We chuckled politely. I knew Grafton well enough to think that statement was probably true. I liked him, and I really admired his wife. Callie was first class all the way.
"The good news is she's coming over to Paris. We're getting an apartment."
"Sounds like an adventure."
"Yeah." The smile faded. "As you know, in the age of terror, we need all the help we can get from the European intelligence agencies. Washington sent me to see if I can get a little more cooperation. No one in Europe knows me, so I'll have a little grace period."
I tried to smile. That was a Grafton funny. He didn't do many, so you had to enjoy the occasional
mot,
even if it wasn't so
bon.
Now he turned serious. "You've probably been reading about the G-8 summit coming up in Paris in two weeks. The folks in Washington are nervous, and rightfully so. The heads of government of the eight largest industrial powers all in one place, at one time—it's a tempting terror target.
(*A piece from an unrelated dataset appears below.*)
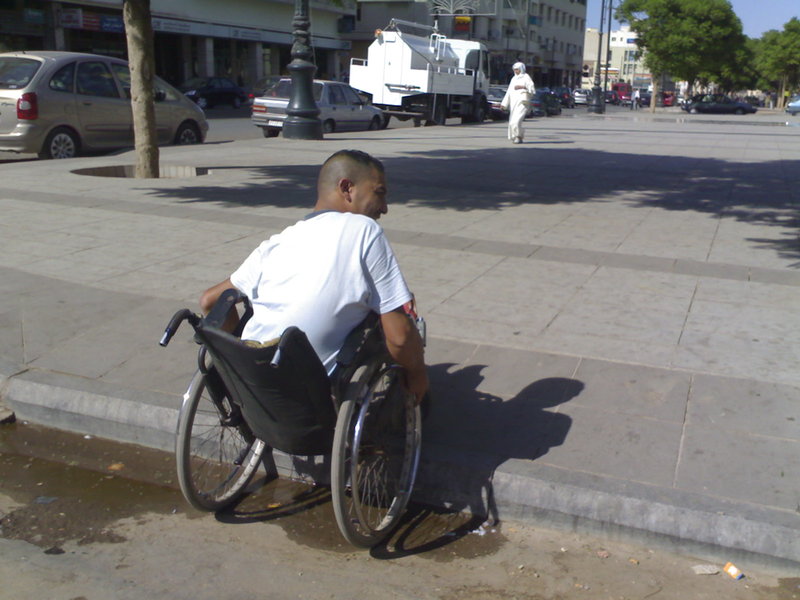 كان يحاول وحده صعود الرصيف بكرسيه المتحرك في تحدٍّ لإعاقته دون أن يطلب مساعدة أحد، وكان عليه قبول هذا التحدي في استقلالية تامة عن الآخرين. كان « سعيد » في الثلاثين من عمره قوي البنية صحيح الجسم مفتول العضلات حيث يبدو أنه من الرياضيين المعاقين على كرسيه المتحرك واختار بالطبع المعبر الذي يطلق عليه « الولوجيات » بأحد أرصفة شارع محمد الخامس المؤدي إلى ساحة 16 غشت، وهو المَعْبر المُخصَّص للمعاقين أصحاب الكراسي المتحركة في إطار القانون الجديد التي تفرض تخصيص هذه الولوجيات وهي ممرات مفتوحة لتسهيل تنقلات المعاقين بالنسبة للطرقات يكون مستوى رصيفها بمستوى الطرقات… كان يحاول « سعيد » في مغامرة بعد التحدي تجاوز الممر عبر حاجز الرصيف الذي تم تخصيصه كجميع الممرات بشوارع مدينة وجدة التي تمت إعادة إصلاحها في إطار مشروع ضخم لإعادة هيكلة المدينة الألفية بمئات الملاين من الدراهم لكن…لكن ارتأى مهندسو الطرقات والمقاولة التي تكلفت ظفرت بصفقة بنائها أن يرفعوا من مستوى رصيف الولوجيات بأكثر من 15 سنتيمترا (؟) على مستوى الطريق…

After the Veghel conspiracy was busted, it finally occurred to them that Al Queda or a similar group is fully capable of mounting such an operation in Europe."
Named after a town in the Netherlands where a group of Islamic fundamentalists lived and did their plotting, the Veghel conspiracy was the latest suicide plot against the United States to be broken up and the conspirators arrested. The arrests happened about six months ago; the accused conspirators had yet to go on trial. According to the newspapers, they planned to blow up the New York Stock Exchange with a tractor-trailer full of explosives, a la Oklahoma City.
"One would think they learned that years ago when the Israeli athletes were attacked and murdered at the Olympics," I remarked.
"They're slow learners," Grafton said. "Veghel was the catalyst."
"Weren't the U.S. authorities tipped about the conspiracy?"
"They were," Grafton said, nodding. He didn't say anything else, so Sarah asked one more question.